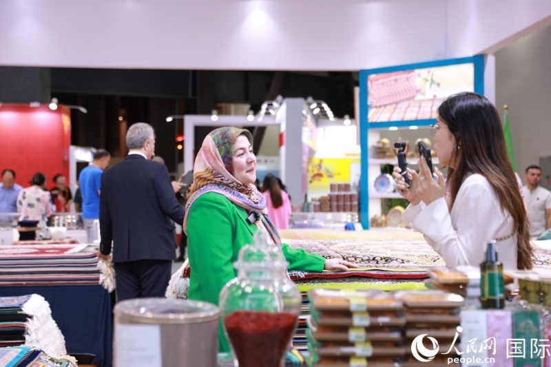 | 伊朗伊斯蘭共和國展區(qū)工作人員正在接受采訪,介紹產品。人民網記者 賈文婷攝 |
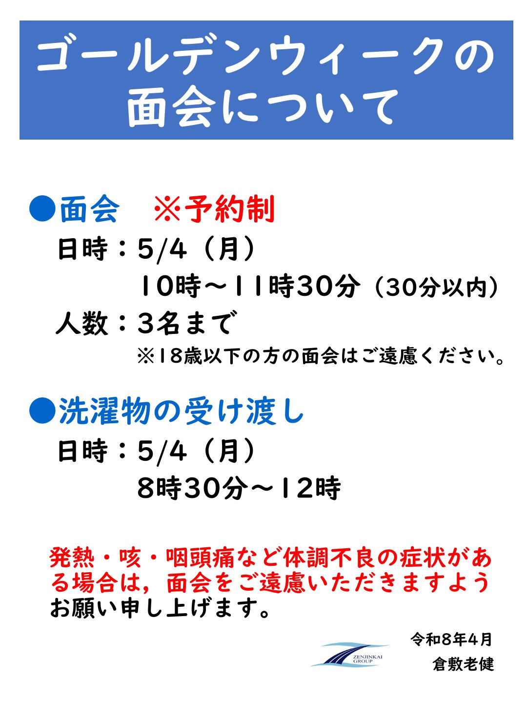 ゴールデンウィーク期間(5/3~5/6)の面会についてご案内をさせていただきます。
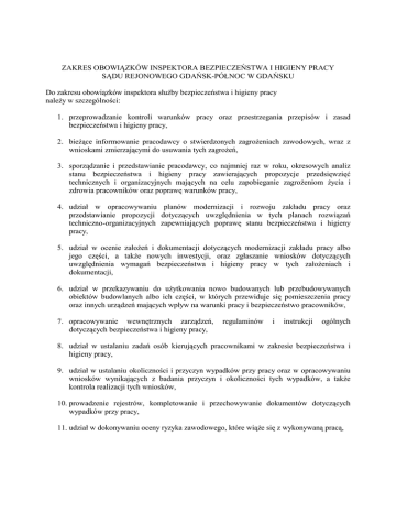 ZAKRES OBOWIĄZKÓW INSPEKTORA BEZPIECZEŃSTWA I HIGIENY PRACY SĄDU REJONOWEGO GDAŃSK-PÓŁNOC W GDAŃSKU Do zakresu obowiązków inspektora słuŜby bezpieczeństwa i higieny pracy naleŜy w szczególności: 1. przeprowadzanie kontroli warunków pracy oraz przestrzegania przepisów i zasad bezpieczeństwa i higieny pracy, 2. bieŜące informowanie pracodawcy o stwierdzonych zagroŜeniach zawodowych, wraz z wnioskami zmierzającymi do usuwania tych zagroŜeń, 3. sporządzanie i przedstawianie pracodawcy, co najmniej raz w roku, okresowych analiz stanu bezpieczeństwa i higieny pracy zawierających propozycje przedsięwzięć technicznych i organizacyjnych mających na celu zapobieganie zagroŜeniom Ŝycia i zdrowia pracowników oraz poprawę warunków pracy, 4. udział w opracowywaniu planów modernizacji i rozwoju zakładu pracy oraz przedstawianie propozycji dotyczących uwzględnienia w tych planach rozwiązań techniczno-organizacyjnych zapewniających poprawę stanu bezpieczeństwa i higieny pracy, 5. udział w ocenie załoŜeń i dokumentacji dotyczących modernizacji zakładu pracy albo jego części, a takŜe nowych inwestycji, oraz zgłaszanie wniosków dotyczących uwzględnienia wymagań bezpieczeństwa i higieny pracy w tych załoŜeniach i dokumentacji, 6. udział w przekazywaniu do uŜytkowania nowo budowanych lub przebudowywanych obiektów budowlanych albo ich części, w których przewiduje się pomieszczenia pracy oraz innych urządzeń mających wpływ na warunki pracy i bezpieczeństwo pracowników, 7. opracowywanie wewnętrznych zarządzeń, dotyczących bezpieczeństwa i higieny pracy, regulaminów i instrukcji ogólnych 8. udział w ustalaniu zadań osób kierujących pracownikami w zakresie bezpieczeństwa i higieny pracy, 9. udział w ustalaniu okoliczności i przyczyn wypadków przy pracy oraz w opracowywaniu wniosków wynikających z badania przyczyn i okoliczności tych wypadków, a takŜe kontrola realizacji tych wniosków, 10. prowadzenie rejestrów, kompletowanie i przechowywanie dokumentów dotyczących wypadków przy pracy, 11. udział w dokonywaniu oceny ryzyka zawodowego, które wiąŜe się z wykonywaną pracą, 12. współpraca z właściwymi komórkami organizacyjnymi lub osobami, w szczególności w zakresie organizowania i zapewnienia odpowiedniego poziomu szkoleń w dziedzinie bezpieczeństwa i higieny pracy oraz zapewnienia właściwej adaptacji zawodowej nowo zatrudnionych pracowników, 13. współdziałanie z lekarzem sprawującym profilaktyczną opiekę zdrowotną, nad pracownikami, a w szczególności przy organizowaniu okresowych badań lekarskich pracowników, 14. uczestniczenie w pracach komisji bezpieczeństwa i higieny pracy, 15. Inspektor BHP podlega bezpośrednio Kierownikowi Finansowemu.
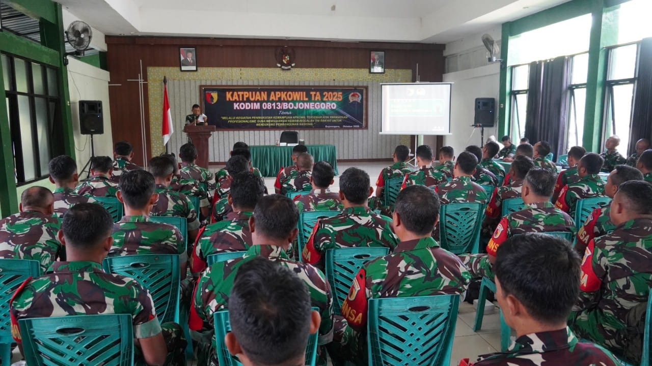 BOJONEGORO – Komando Distrik Militer (Kodim) 0813 Bojonegoro terus memperkuat kualitas prajuritnya. Melalui kegiatan Peningkatan Kemampuan (Katpuan) Aparat Komando Kewilayahan (Apkowil) Tersebar Tahun 2025, para Bintara Pembina Desa (Babinsa) dari seluruh Koramil dan Posramil di jajaran Kodim Bojonegoro dibekali berbagai materi penting untuk meningkatkan profesionalisme dan kepekaan sosial di tengah masyarakat.

◇ ◇ ◇ ◇

**Exercise**.
Reproduce the listing word for word and omit its pictures.

**Result**.
 | 伊朗伊斯蘭共和國展區(qū)工作人員正在接受采訪,介紹產品。人民網記者 賈文婷攝 |
 ゴールデンウィーク期間(5/3~5/6)の面会についてご案内をさせていただきます。
 ZAKRES OBOWIĄZKÓW INSPEKTORA BEZPIECZEŃSTWA I HIGIENY PRACY SĄDU REJONOWEGO GDAŃSK-PÓŁNOC W GDAŃSKU Do zakresu obowiązków inspektora słuŜby bezpieczeństwa i higieny pracy naleŜy w szczególności: 1. przeprowadzanie kontroli warunków pracy oraz przestrzegania przepisów i zasad bezpieczeństwa i higieny pracy, 2. bieŜące informowanie pracodawcy o stwierdzonych zagroŜeniach zawodowych, wraz z wnioskami zmierzającymi do usuwania tych zagroŜeń, 3. sporządzanie i przedstawianie pracodawcy, co najmniej raz w roku, okresowych analiz stanu bezpieczeństwa i higieny pracy zawierających propozycje przedsięwzięć technicznych i organizacyjnych mających na celu zapobieganie zagroŜeniom Ŝycia i zdrowia pracowników oraz poprawę warunków pracy, 4. udział w opracowywaniu planów modernizacji i rozwoju zakładu pracy oraz przedstawianie propozycji dotyczących uwzględnienia w tych planach rozwiązań techniczno-organizacyjnych zapewniających poprawę stanu bezpieczeństwa i higieny pracy, 5. udział w ocenie załoŜeń i dokumentacji dotyczących modernizacji zakładu pracy albo jego części, a takŜe nowych inwestycji, oraz zgłaszanie wniosków dotyczących uwzględnienia wymagań bezpieczeństwa i higieny pracy w tych załoŜeniach i dokumentacji, 6. udział w przekazywaniu do uŜytkowania nowo budowanych lub przebudowywanych obiektów budowlanych albo ich części, w których przewiduje się pomieszczenia pracy oraz innych urządzeń mających wpływ na warunki pracy i bezpieczeństwo pracowników, 7. opracowywanie wewnętrznych zarządzeń, dotyczących bezpieczeństwa i higieny pracy, regulaminów i instrukcji ogólnych 8. udział w ustalaniu zadań osób kierujących pracownikami w zakresie bezpieczeństwa i higieny pracy, 9. udział w ustalaniu okoliczności i przyczyn wypadków przy pracy oraz w opracowywaniu wniosków wynikających z badania przyczyn i okoliczności tych wypadków, a takŜe kontrola realizacji tych wniosków, 10. prowadzenie rejestrów, kompletowanie i przechowywanie dokumentów dotyczących wypadków przy pracy, 11. udział w dokonywaniu oceny ryzyka zawodowego, które wiąŜe się z wykonywaną pracą, 12. współpraca z właściwymi komórkami organizacyjnymi lub osobami, w szczególności w zakresie organizowania i zapewnienia odpowiedniego poziomu szkoleń w dziedzinie bezpieczeństwa i higieny pracy oraz zapewnienia właściwej adaptacji zawodowej nowo zatrudnionych pracowników, 13. współdziałanie z lekarzem sprawującym profilaktyczną opiekę zdrowotną, nad pracownikami, a w szczególności przy organizowaniu okresowych badań lekarskich pracowników, 14. uczestniczenie w pracach komisji bezpieczeństwa i higieny pracy, 15. Inspektor BHP podlega bezpośrednio Kierownikowi Finansowemu.
 BOJONEGORO – Komando Distrik Militer (Kodim) 0813 Bojonegoro terus memperkuat kualitas prajuritnya. Melalui kegiatan Peningkatan Kemampuan (Katpuan) Aparat Komando Kewilayahan (Apkowil) Tersebar Tahun 2025, para Bintara Pembina Desa (Babinsa) dari seluruh Koramil dan Posramil di jajaran Kodim Bojonegoro dibekali berbagai materi penting untuk meningkatkan profesionalisme dan kepekaan sosial di tengah masyarakat.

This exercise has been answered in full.